In your copy of the entries, please include no pictures and return every word exactly.

++++ Recorded data

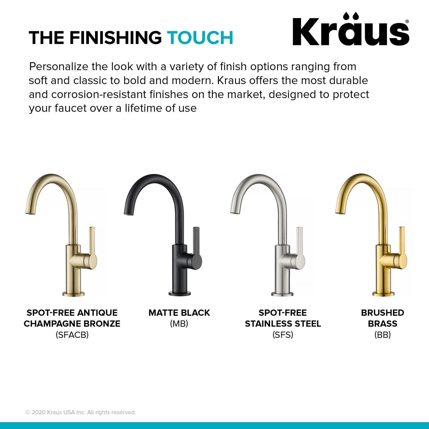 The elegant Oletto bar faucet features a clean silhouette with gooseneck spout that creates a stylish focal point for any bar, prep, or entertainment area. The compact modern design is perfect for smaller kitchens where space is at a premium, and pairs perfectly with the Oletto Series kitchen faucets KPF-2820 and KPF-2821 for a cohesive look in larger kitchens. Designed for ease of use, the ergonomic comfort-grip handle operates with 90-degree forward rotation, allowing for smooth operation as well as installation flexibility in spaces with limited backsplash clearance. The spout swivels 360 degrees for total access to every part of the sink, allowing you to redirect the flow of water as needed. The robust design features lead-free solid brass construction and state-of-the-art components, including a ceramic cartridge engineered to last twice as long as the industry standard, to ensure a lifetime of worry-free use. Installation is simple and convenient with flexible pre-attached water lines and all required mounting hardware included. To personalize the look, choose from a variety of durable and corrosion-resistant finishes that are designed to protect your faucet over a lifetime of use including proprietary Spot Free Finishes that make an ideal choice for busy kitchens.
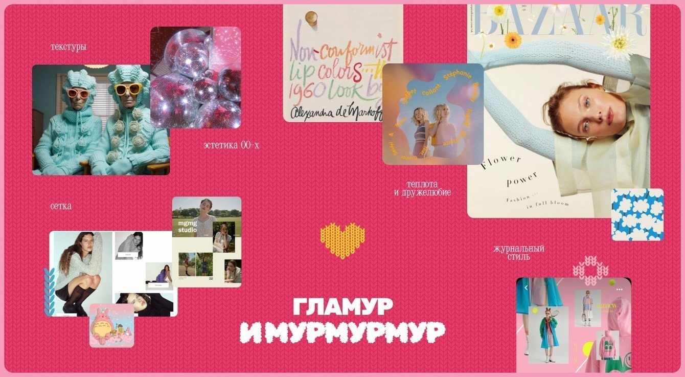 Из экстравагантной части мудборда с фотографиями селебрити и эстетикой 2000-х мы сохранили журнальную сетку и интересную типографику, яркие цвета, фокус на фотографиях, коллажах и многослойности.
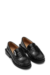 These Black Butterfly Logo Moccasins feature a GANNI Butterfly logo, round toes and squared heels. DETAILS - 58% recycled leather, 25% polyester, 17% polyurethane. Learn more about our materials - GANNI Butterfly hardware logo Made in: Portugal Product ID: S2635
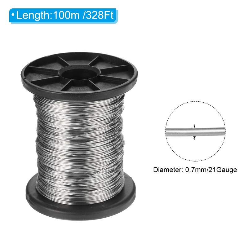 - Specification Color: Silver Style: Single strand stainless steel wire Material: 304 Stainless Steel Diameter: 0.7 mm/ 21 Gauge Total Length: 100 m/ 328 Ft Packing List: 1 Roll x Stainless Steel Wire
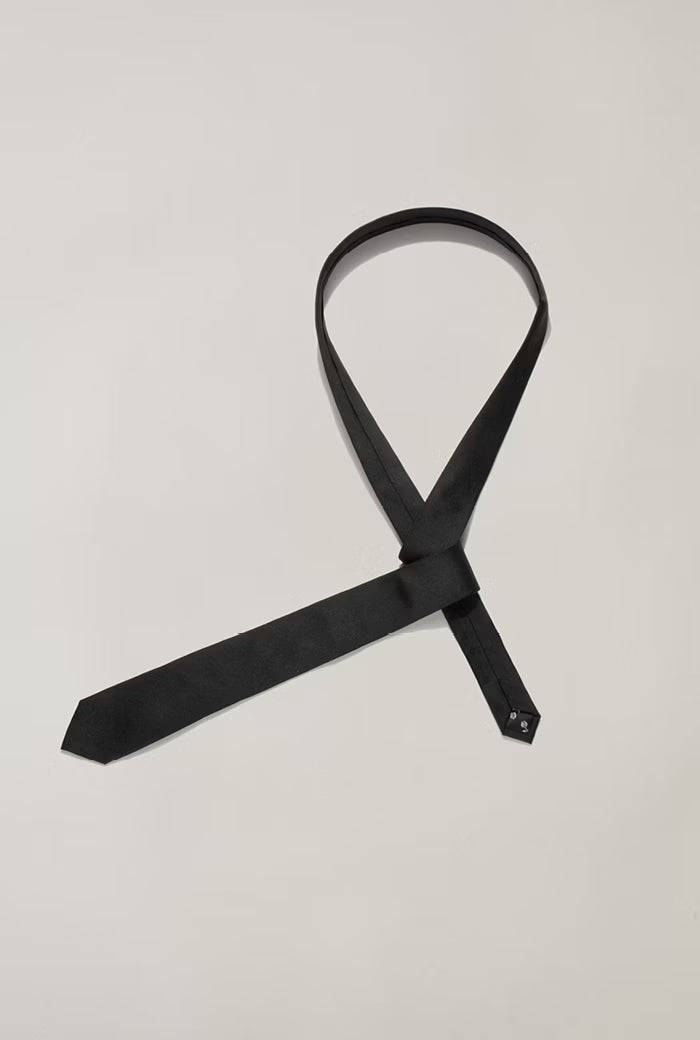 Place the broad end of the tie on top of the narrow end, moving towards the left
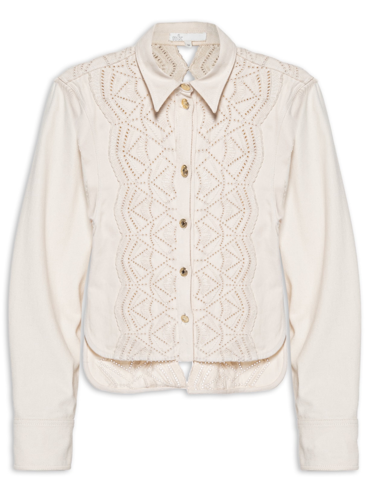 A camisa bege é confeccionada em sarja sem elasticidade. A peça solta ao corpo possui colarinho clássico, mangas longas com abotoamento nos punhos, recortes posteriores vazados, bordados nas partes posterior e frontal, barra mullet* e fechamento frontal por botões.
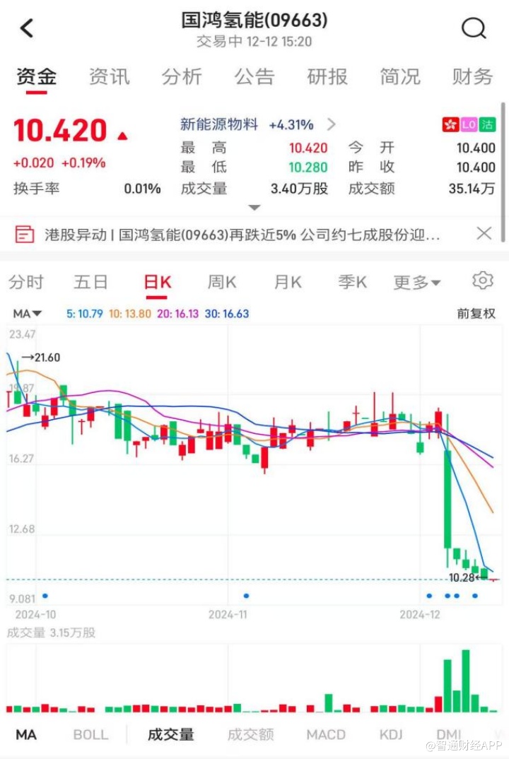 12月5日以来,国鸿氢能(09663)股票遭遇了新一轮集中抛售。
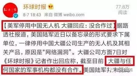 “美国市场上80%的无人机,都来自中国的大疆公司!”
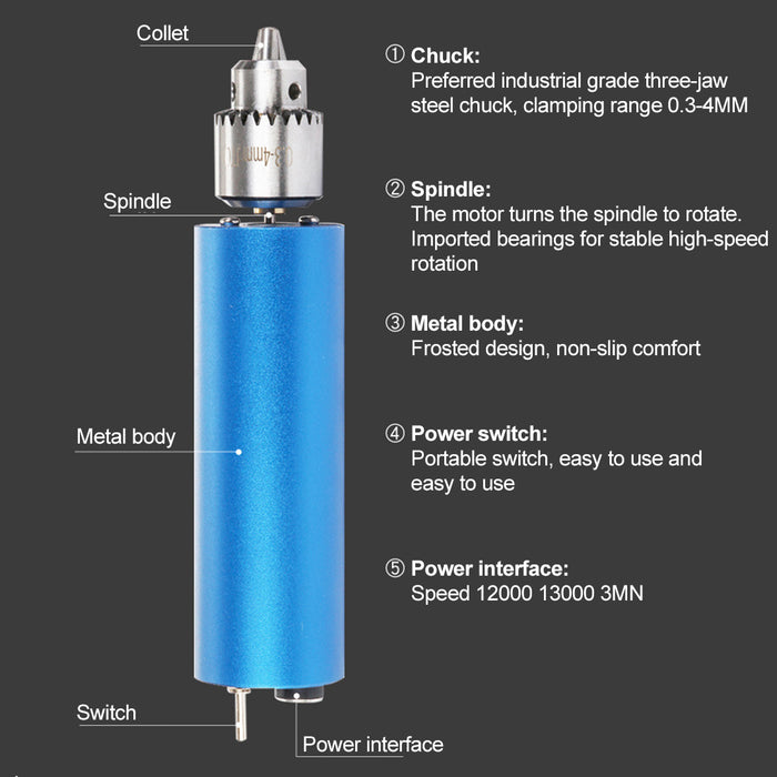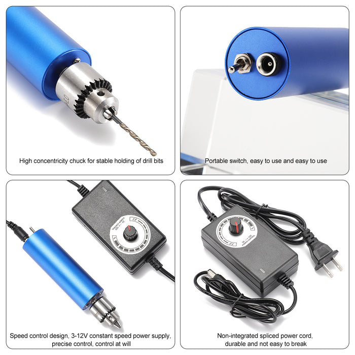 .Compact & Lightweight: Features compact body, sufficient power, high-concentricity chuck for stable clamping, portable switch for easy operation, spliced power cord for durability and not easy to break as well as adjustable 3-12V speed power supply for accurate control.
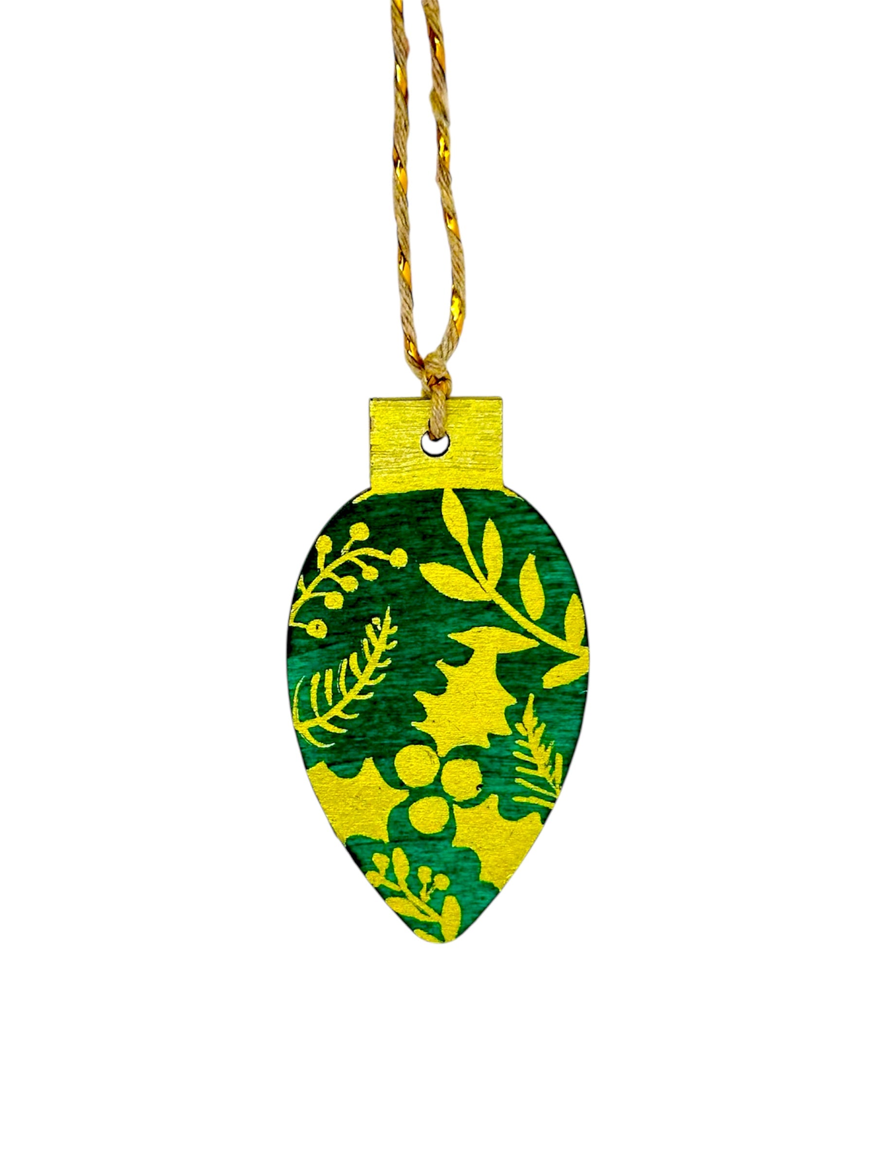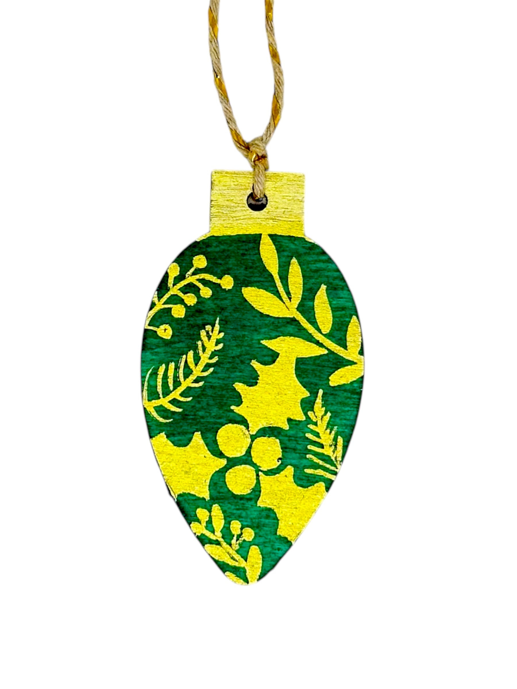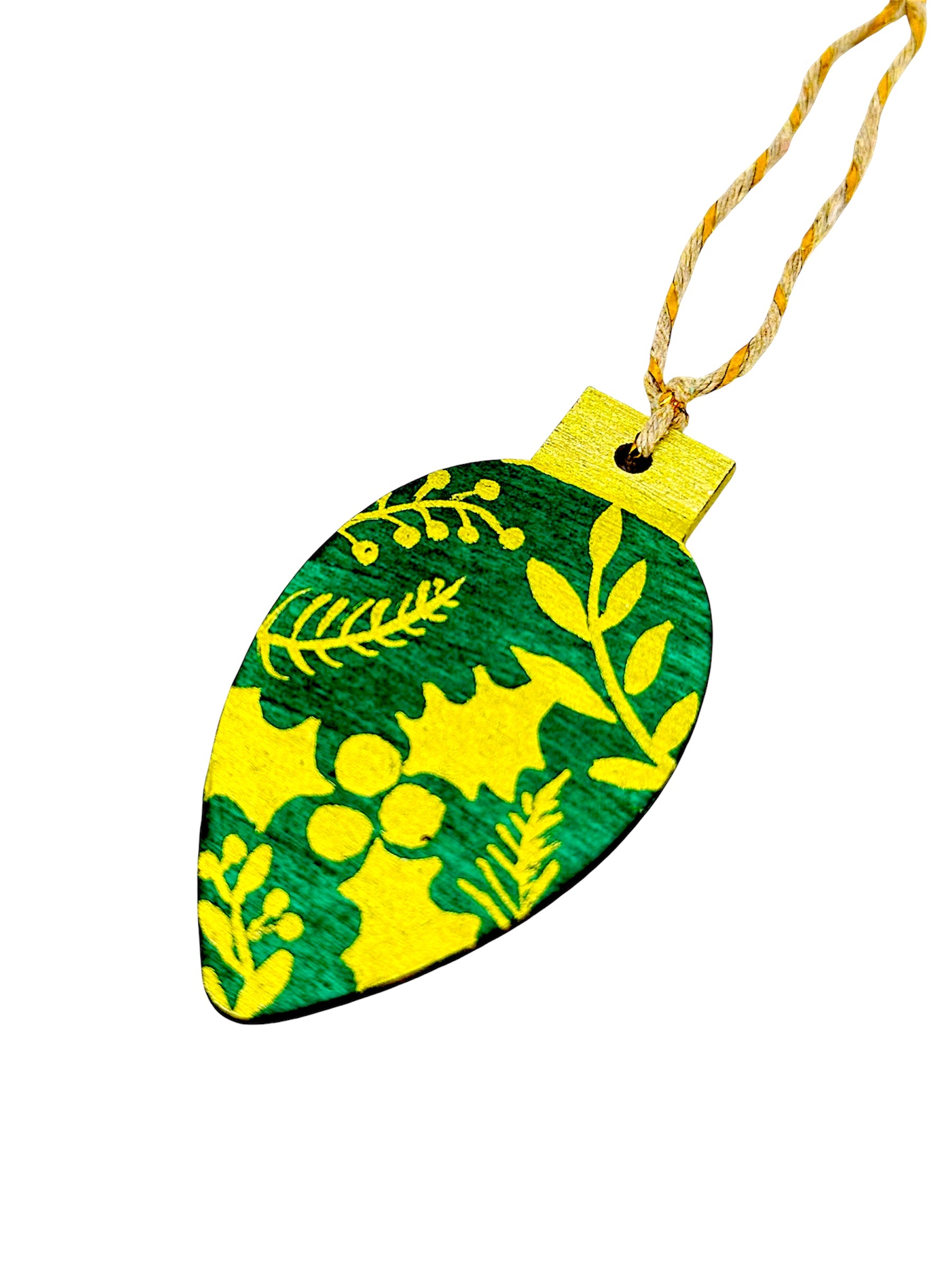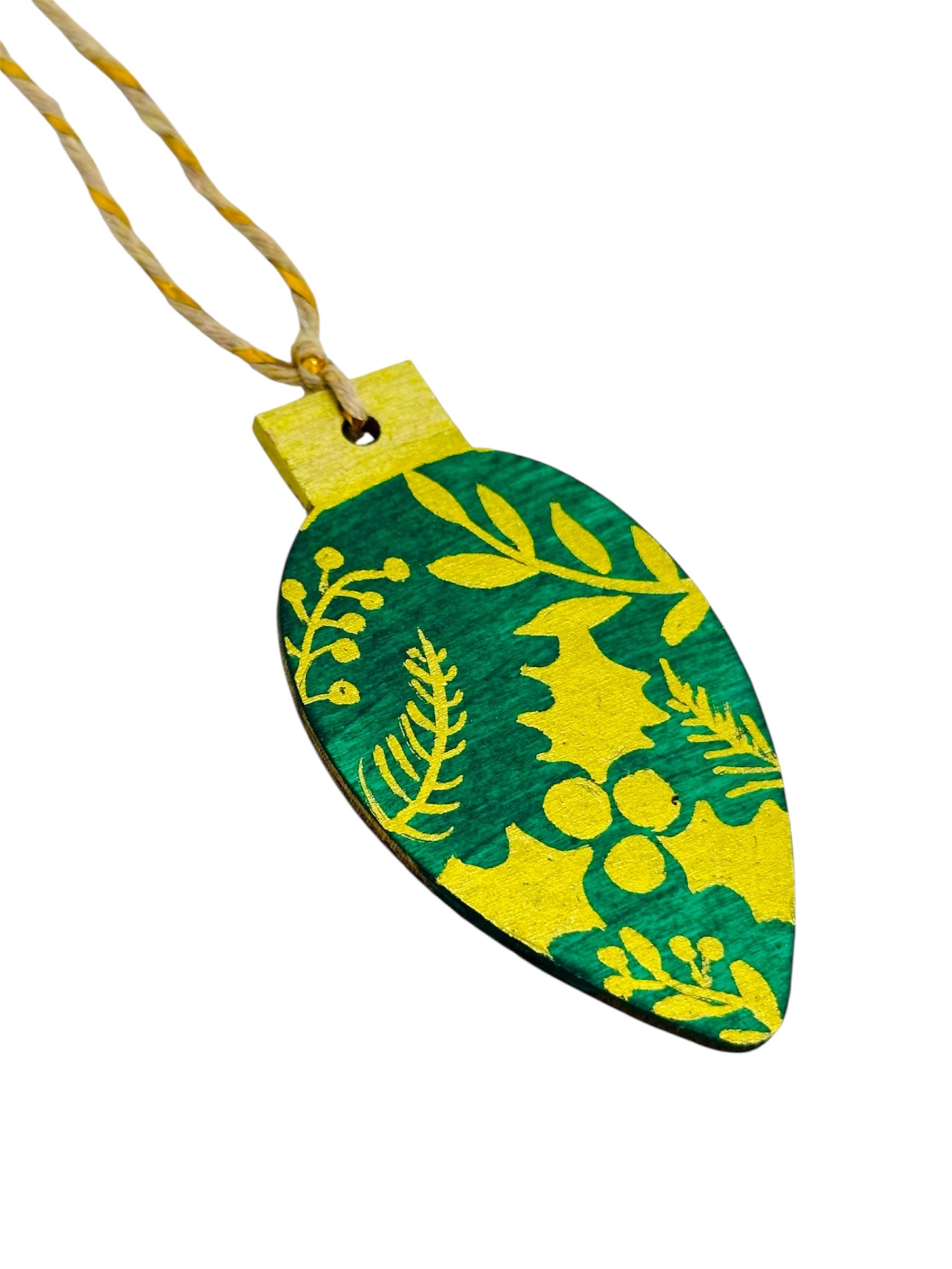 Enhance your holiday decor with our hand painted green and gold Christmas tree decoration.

++++++++

** Finished task **
 The elegant Oletto bar faucet features a clean silhouette with gooseneck spout that creates a stylish focal point for any bar, prep, or entertainment area. The compact modern design is perfect for smaller kitchens where space is at a premium, and pairs perfectly with the Oletto Series kitchen faucets KPF-2820 and KPF-2821 for a cohesive look in larger kitchens. Designed for ease of use, the ergonomic comfort-grip handle operates with 90-degree forward rotation, allowing for smooth operation as well as installation flexibility in spaces with limited backsplash clearance. The spout swivels 360 degrees for total access to every part of the sink, allowing you to redirect the flow of water as needed. The robust design features lead-free solid brass construction and state-of-the-art components, including a ceramic cartridge engineered to last twice as long as the industry standard, to ensure a lifetime of worry-free use. Installation is simple and convenient with flexible pre-attached water lines and all required mounting hardware included. To personalize the look, choose from a variety of durable and corrosion-resistant finishes that are designed to protect your faucet over a lifetime of use including proprietary Spot Free Finishes that make an ideal choice for busy kitchens.
 Из экстравагантной части мудборда с фотографиями селебрити и эстетикой 2000-х мы сохранили журнальную сетку и интересную типографику, яркие цвета, фокус на фотографиях, коллажах и многослойности.
 These Black Butterfly Logo Moccasins feature a GANNI Butterfly logo, round toes and squared heels. DETAILS - 58% recycled leather, 25% polyester, 17% polyurethane. Learn more about our materials - GANNI Butterfly hardware logo Made in: Portugal Product ID: S2635
 - Specification Color: Silver Style: Single strand stainless steel wire Material: 304 Stainless Steel Diameter: 0.7 mm/ 21 Gauge Total Length: 100 m/ 328 Ft Packing List: 1 Roll x Stainless Steel Wire
 Place the broad end of the tie on top of the narrow end, moving towards the left
 A camisa bege é confeccionada em sarja sem elasticidade. A peça solta ao corpo possui colarinho clássico, mangas longas com abotoamento nos punhos, recortes posteriores vazados, bordados nas partes posterior e frontal, barra mullet* e fechamento frontal por botões.
 12月5日以来,国鸿氢能(09663)股票遭遇了新一轮集中抛售。
 “美国市场上80%的无人机,都来自中国的大疆公司!”
 .Compact & Lightweight: Features compact body, sufficient power, high-concentricity chuck for stable clamping, portable switch for easy operation, spliced power cord for durability and not easy to break as well as adjustable 3-12V speed power supply for accurate control.
 Enhance your holiday decor with our hand painted green and gold Christmas tree decoration.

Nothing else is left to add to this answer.